Dalam pandangan saya, bagaimana seorang raja perkasa Mulawarman menunjukkan rasa hormatnya terhadap kaum Brahmana melalui persembahan itu bukan hanya sekadar dilandasi keberadaan kasta Brahmana yang berada di atas kastra dirinya, sebagai kasta Ksatria yang menempati urutan kedua. Kaum Brahmana dihormati seperti layaknya seorang pemuka agama pada masa tersebut. Raja Mulawarman tidak memandang dirinya sebagai orang nomor satu di kerajaan Kutai yang memiliki kekuasaan tanpa batas. Persembahan yang tercatat dalam peninggalan kerajaan yupa berupa 7 yupa menunjukkan hubungan yang harmonis antara Raja Mulawarnan dengan kaum Brahmana.

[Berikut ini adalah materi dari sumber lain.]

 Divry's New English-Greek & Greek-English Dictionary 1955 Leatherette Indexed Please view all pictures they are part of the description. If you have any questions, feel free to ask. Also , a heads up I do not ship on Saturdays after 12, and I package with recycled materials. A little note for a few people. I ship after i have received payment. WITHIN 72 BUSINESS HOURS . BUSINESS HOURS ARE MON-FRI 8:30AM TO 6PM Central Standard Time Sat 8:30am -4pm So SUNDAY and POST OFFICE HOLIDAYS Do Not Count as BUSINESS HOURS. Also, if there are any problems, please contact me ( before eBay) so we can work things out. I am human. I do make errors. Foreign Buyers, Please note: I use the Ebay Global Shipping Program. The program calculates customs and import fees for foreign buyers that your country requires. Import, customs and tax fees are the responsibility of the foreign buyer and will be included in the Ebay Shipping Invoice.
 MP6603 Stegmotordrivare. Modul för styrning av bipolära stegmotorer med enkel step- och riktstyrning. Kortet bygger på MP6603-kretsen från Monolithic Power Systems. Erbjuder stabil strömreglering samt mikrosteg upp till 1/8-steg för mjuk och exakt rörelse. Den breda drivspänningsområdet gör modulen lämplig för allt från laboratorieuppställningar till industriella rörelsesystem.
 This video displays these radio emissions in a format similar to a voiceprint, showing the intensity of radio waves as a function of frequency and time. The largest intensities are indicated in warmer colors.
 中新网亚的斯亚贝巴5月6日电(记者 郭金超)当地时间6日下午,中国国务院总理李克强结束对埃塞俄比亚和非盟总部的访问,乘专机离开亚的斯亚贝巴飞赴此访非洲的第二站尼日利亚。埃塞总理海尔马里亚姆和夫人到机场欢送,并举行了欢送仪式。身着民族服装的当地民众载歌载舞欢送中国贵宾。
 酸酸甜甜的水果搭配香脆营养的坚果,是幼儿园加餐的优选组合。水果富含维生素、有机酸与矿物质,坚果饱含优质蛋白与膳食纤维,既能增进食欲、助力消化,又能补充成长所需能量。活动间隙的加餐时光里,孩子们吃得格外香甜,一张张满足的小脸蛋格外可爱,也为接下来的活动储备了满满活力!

Bandingkanlah dengan Raja Kertajaya dari kerajaan Kediri yang memilih untuk bersikap keras terhadap kaum Brahmana. Sikap memerangi Raja Kertajaya seolah melupakan siapa mereka dalam kedudukan kasta. Bukan hanya sebagai kasta tertinggi, melainkan juga sebagai pemuka agama. Kertajaya begitu angkuh menginginkan kekuasaan mutlak sehingga keberadaan kaum brahmana dianggap sebagai ancaman bagi kekuasaannya. Rakyat tentu akan memilih untuk patuh kepada kaum Brahmana ketimbang dirinya jika harus dibandingkan. Padahal, Kertajaya sudah mendeklarasikan dirinya sebagai penguasa yang harus disembah oleh kaum Brahmana dan pendeta Buddha.
Kedua sikap yang dicontohkan oleh raja-raja kerajaan Hindu tersebut seakan menunjukkan bahwa konflik agama dan politik sebenarnya sudah berlangsung lama. Kita melihat bagaimana kedua raja mengambil sikap yang berbeda. Raja Mulawarman menjadikan kaum Brahmana sebagai bagian dari pemerintahannya dan tak segan memberikan persembahan-persembahan. Mendapatkan dukungan kaum Brahmana sama saja artinya dengan memperoleh dukungan rakyat dan itu tentu saja akan semakin memperkuat kedudukannya.
Sebaliknya dengan Kertajaya yang sudah terkalahkan oleh nafsu kekuasaannya. Kertajaya sebagai Dandang Gendis justru menginginkan kekuasaan mutlak dengan menuntut Brahmana dan pendeta Buddha pun turut menyembahnya. Sikap otoriter ini menjadikan Kertajaya kehilangan pengikutnya sendiri dan memicu munculnya pemberontakan terhadap dirinya.
Ken Arok adalah tokoh yang memanfaatkan konflik agama dan politik Kertajaya dengan kaum Brahmana. Menggunakan alasan agama, Ken Arok mendukung gerakan kaum Brahmana untuk melawan Kertajaya yang sudah bersikap otoriter. Kemenangan dengan mudah diraih Ken Arok. Kediri pun jatuh di bawah kekuasaan Tumapel. Kertajaya, kaum Brahmana, dan rakyat sendiri pun tak sadar sudah dipermainkan oleh Ken Arok yang menggoyang isu agama dan politik tersebut.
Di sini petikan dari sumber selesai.